• YOUR ASSIGNMENT
Would you transcribe the entries below, beginning at the line with "- Galaxy A20" and ending after the line with "A foundational note", exactly, with no picture and nothing more?

• RECORDS PROVIDED
- - - - -

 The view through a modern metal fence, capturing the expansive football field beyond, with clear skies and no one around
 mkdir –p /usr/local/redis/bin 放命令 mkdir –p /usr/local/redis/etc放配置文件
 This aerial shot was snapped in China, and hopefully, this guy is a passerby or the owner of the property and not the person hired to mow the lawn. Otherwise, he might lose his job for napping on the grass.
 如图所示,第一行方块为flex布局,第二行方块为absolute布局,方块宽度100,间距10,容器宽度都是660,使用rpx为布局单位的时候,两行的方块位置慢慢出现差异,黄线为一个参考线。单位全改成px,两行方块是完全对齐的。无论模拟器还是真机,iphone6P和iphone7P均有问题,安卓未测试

- - - - -

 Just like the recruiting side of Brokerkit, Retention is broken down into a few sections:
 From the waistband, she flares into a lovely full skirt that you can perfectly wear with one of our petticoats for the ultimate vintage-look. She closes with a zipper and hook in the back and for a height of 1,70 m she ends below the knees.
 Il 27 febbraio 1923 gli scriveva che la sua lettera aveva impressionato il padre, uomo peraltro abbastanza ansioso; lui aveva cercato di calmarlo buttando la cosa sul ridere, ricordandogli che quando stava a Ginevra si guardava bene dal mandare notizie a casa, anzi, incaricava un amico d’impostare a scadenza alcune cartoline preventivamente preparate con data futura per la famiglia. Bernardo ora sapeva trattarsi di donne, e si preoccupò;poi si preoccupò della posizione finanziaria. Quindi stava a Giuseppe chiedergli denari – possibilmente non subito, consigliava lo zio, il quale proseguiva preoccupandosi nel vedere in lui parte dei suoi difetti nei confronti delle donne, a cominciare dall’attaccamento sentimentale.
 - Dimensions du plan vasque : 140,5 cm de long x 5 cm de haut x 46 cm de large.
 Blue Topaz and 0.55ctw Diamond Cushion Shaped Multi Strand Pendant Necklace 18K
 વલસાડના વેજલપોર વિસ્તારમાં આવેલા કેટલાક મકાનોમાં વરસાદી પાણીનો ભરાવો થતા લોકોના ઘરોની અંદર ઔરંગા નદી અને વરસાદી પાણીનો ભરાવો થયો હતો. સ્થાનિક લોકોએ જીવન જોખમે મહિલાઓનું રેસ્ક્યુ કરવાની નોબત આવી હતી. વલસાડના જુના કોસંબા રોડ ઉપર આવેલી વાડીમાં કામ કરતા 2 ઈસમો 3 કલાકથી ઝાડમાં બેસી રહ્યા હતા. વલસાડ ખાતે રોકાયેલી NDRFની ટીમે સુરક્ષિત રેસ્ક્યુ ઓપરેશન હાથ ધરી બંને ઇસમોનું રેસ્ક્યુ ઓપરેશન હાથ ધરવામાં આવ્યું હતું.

- - - - -

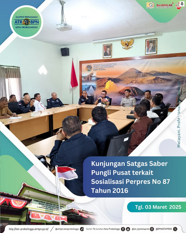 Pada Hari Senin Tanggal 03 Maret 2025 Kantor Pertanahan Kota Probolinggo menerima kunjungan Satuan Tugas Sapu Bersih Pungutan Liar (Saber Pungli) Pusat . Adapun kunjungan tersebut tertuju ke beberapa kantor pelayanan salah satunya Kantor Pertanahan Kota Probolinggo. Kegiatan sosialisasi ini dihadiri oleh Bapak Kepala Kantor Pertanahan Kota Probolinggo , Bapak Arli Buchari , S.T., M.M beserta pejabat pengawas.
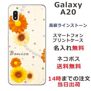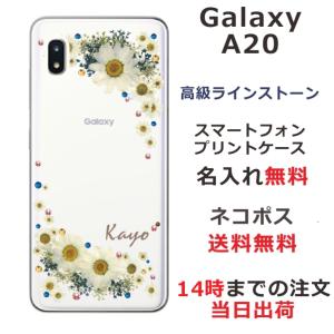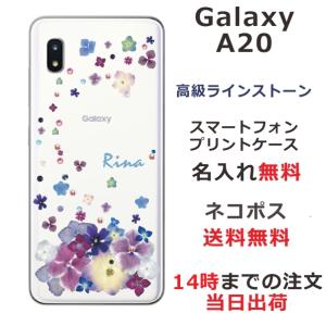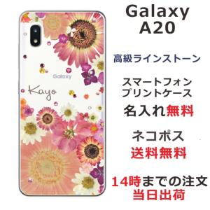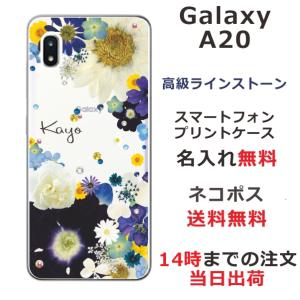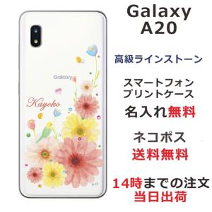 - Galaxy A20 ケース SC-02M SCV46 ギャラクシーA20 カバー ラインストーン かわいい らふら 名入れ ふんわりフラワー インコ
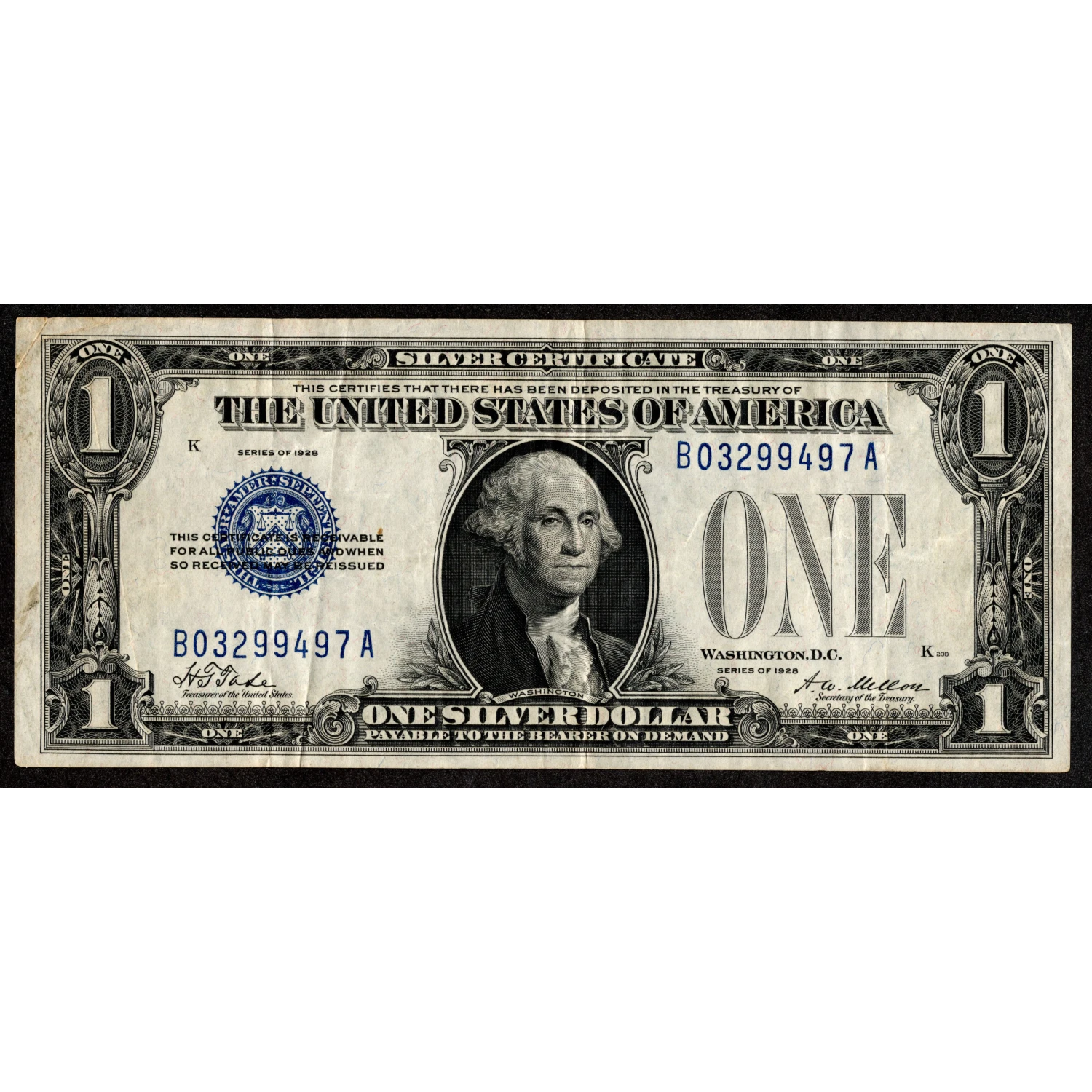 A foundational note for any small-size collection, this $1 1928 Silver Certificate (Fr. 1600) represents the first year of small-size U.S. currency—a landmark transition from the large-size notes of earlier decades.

- - - - -

• SOLUTION TO THIS PROBLEM
 - Galaxy A20 ケース SC-02M SCV46 ギャラクシーA20 カバー ラインストーン かわいい らふら 名入れ ふんわりフラワー インコ
 A foundational note for any small-size collection, this $1 1928 Silver Certificate (Fr. 1600) represents the first year of small-size U.S. currency—a landmark transition from the large-size notes of earlier decades.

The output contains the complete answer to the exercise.